The paper stated among other things stated Bede Zieden lobbied and had 500 booklets for the upper West Region and reported smuggled 300 to the Lawra Constituency, leaving 200 for the entire region.

Despite all the efforts by the constituency executives and majority of the electorates to stop Bede Zieden from contesting, he managed to poll 2747 votes against Hon Samson Abu (incumbent) who polled 2731 votes.

Months after the elections, the aggrieved constituency executives, backed by some powerful electorates again petitioned the party at the national level to address their misgivings over the electoral fraud and the constitutional breach of the entire process, but again, it hit a snag.

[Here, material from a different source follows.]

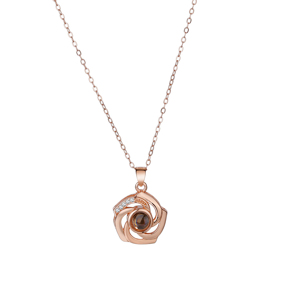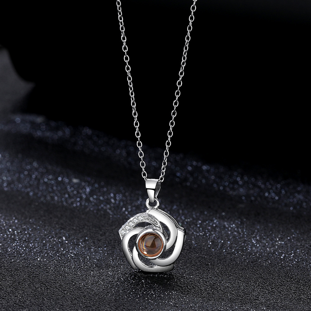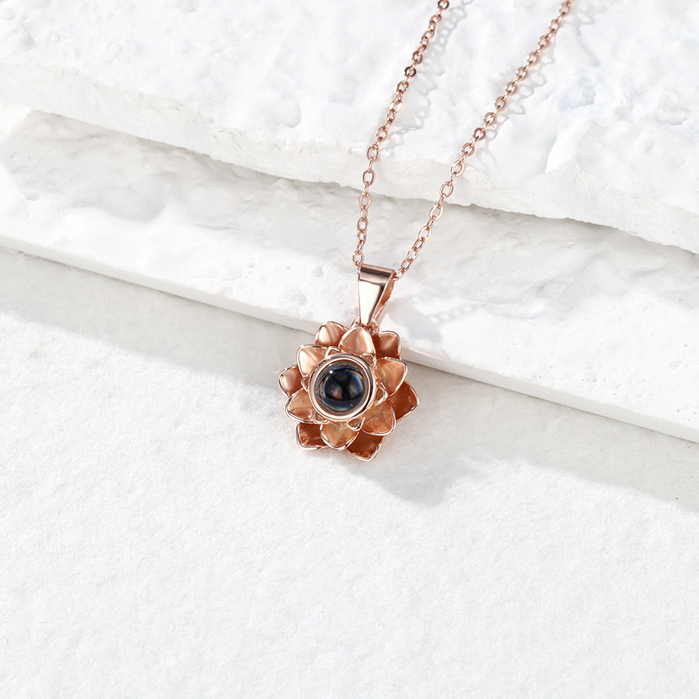 925 Silver Necklace Personalized Flower Projection Photo Necklace

More so, an independent survey carried out by a senior Lecturer of the University of Development Studies (UDS), Emelia Seidu, in May this year has confirmed the possibility of the NDC losing the seat to the NPP.

According to the survey the incumbent MP was still popular in the constituency and “if he decides to go independent, he would clinch the seat again”.

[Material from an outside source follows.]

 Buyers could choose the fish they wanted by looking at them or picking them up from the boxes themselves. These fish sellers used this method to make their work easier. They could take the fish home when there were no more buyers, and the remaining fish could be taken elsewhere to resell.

Out of 900 respondents sampled from 30 communities in the constituency 28% said they would vote for Anthony Karbo while 26% endorsed Bede Zeideng.

 Interestingly, the incumbent MP, who was defeated in the primary, had an overwhelming 46% of the respondents still wanting him to be their MP.

The Lawra constituency which was previously part of the Nandom constituency had seen the NPP’s Ambrose Dery annexing it from the then NDC MP, Dr Benjamin Kumbour who is now the incumbent MP for Nandom and the Minister for Defense.